I was lucky enough to win a traffic study project last week. Wins are always nice in this economy. I bring this up because I think the situation is indicative of the new economy. The study is being done for a site civil engineering firm that I've done a lot of work with over the last eight years – most of it sole source. Their client wanted them to bid out the study to make sure they got a fair price, so they sent a thorough RFP (which I reviewed for them) to four qualified firms. Since the bids/proposals were based on a well defined RFP, all four proposals had the same scope of work.
Three of us were within 10% of each other (I sharpened the pencil and was about 10% lower than the next two). The three of us have a good handle on current pricing. The weird part is that the fourth firm was 3.5 times more than my bid. Not 35% more, 250% more. They are not 250% better engineers than the rest of us.

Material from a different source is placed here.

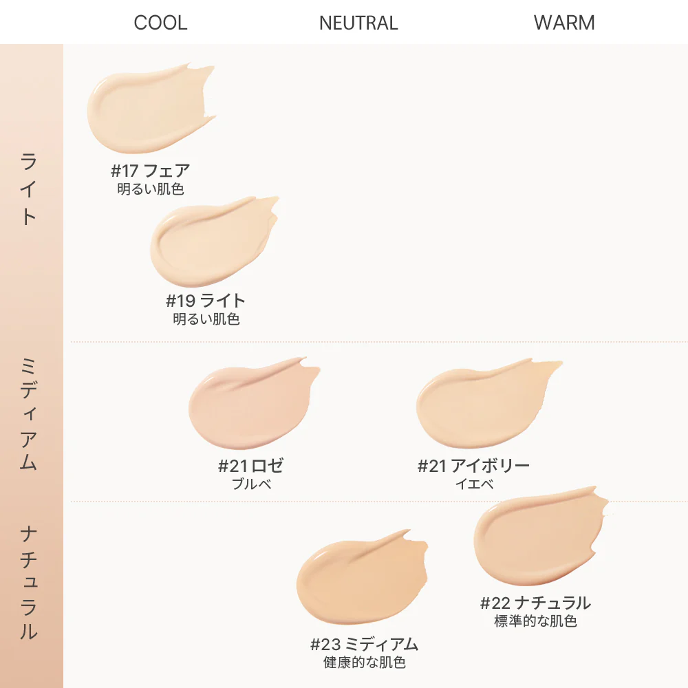 カラーは #19 ライト 明るい肌色を使用しています。水に濡らしたパフで薄く広げると、厚塗り感がなく自然な仕上がりにすることができました!

Here's what I think is going on with the really expensive firm. Most of their traffic studies are done as "independent" consultants for cities. The city will have a developer escrow funds for the traffic study and then give the traffic study to this firm. There's no price competition and there's no incentive to be cost conscious (the decision maker – the city engineer in this type of situation – is paying with someone else's money).
I think I just got bumped out of another traffic study because the city engineer wants to use his "independent" consultant instead of the "developer's" consultant. I hope city engineers will start to review the estimating matrix I posted a little while ago. It doesn't benefit anyone to gouge developers.